(DATA begins)

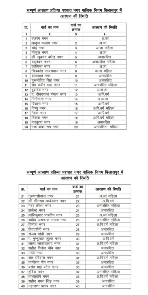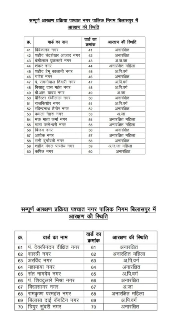 चुनाव में पारदर्शिता और सामाजिक न्याय को प्राथमिकता देते हुए आरक्षण प्रक्रिया तय मानकों के तहत संपन्न की गई! बिलासपुर के सभी 70 वार्डों को वर्गीकृत किया गया है! जिसमें कुछ वार्ड सामान्य वर्ग के लिए और कुछ O.B.C. S.C. तथा S.C. वर्गों के लिए आरक्षित किए गए हैं!
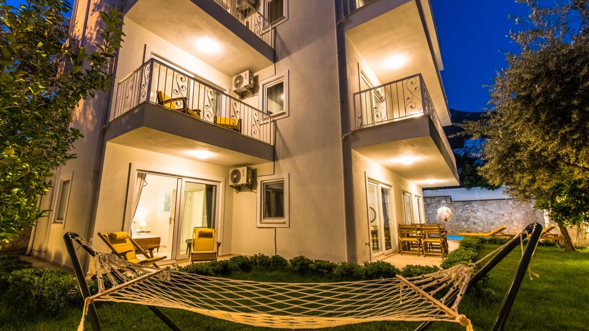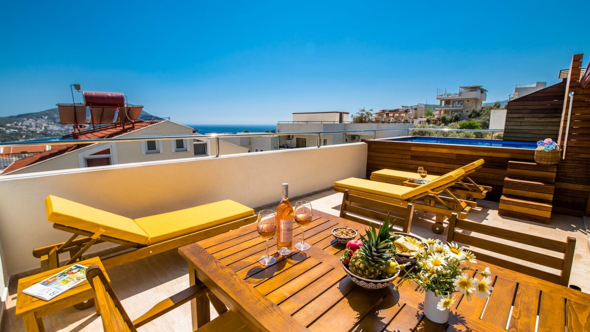 Villa Merkez ist eine Kombination aus drei Apartments in Kalkan, die zu einem kombiniert werden, um den Gästen einen erholsamen Aufenthalt mit sieben Schlafzimmern, einem Tauchbecken und einer Dachterrasse zu bieten.
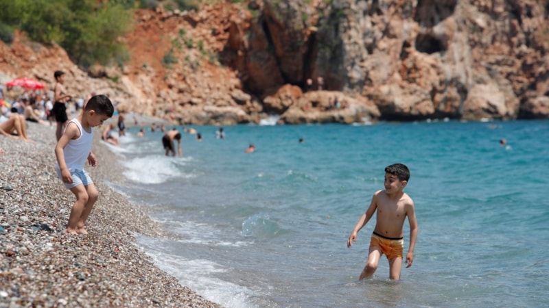 Hava sıcaklığının 21, deniz suyu sıcaklığının ise 20 derece olarak ölçüldüğü Antalya’da özellikle çocuklar Konyaaltı Sahili’nde serin suların tadını çıkardı.
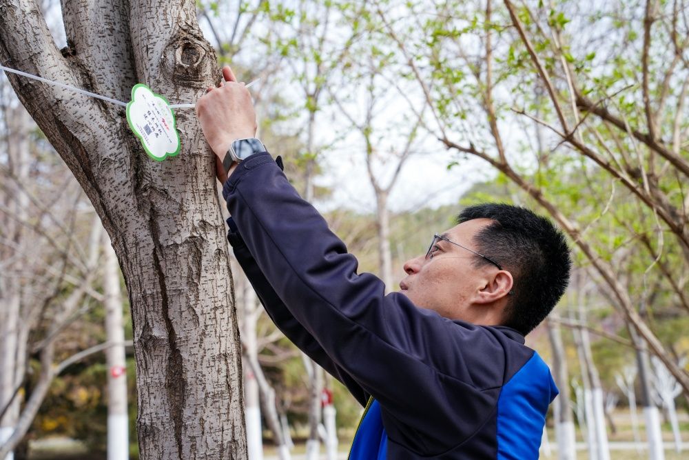 “校友爱心林”捐资认筹环节,校友们漫步在滋兰苑花海中,陈树奎、贾麦宁、刘锋等校友现场选取捐资认领树木,郑重地将铭牌挂到树上,值木所托、述心所愿,为母校送上祝福。

(DATA ends)

### TASK TO COMPLETE
Exactly reproduce the lines beginning at the one that contains "Villa Merkez ist" and ending at the final line of the material, with the pictures left out.

### TASK ANSWER
 Villa Merkez ist eine Kombination aus drei Apartments in Kalkan, die zu einem kombiniert werden, um den Gästen einen erholsamen Aufenthalt mit sieben Schlafzimmern, einem Tauchbecken und einer Dachterrasse zu bieten.
 Hava sıcaklığının 21, deniz suyu sıcaklığının ise 20 derece olarak ölçüldüğü Antalya’da özellikle çocuklar Konyaaltı Sahili’nde serin suların tadını çıkardı.
 “校友爱心林”捐资认筹环节,校友们漫步在滋兰苑花海中,陈树奎、贾麦宁、刘锋等校友现场选取捐资认领树木,郑重地将铭牌挂到树上,值木所托、述心所愿,为母校送上祝福。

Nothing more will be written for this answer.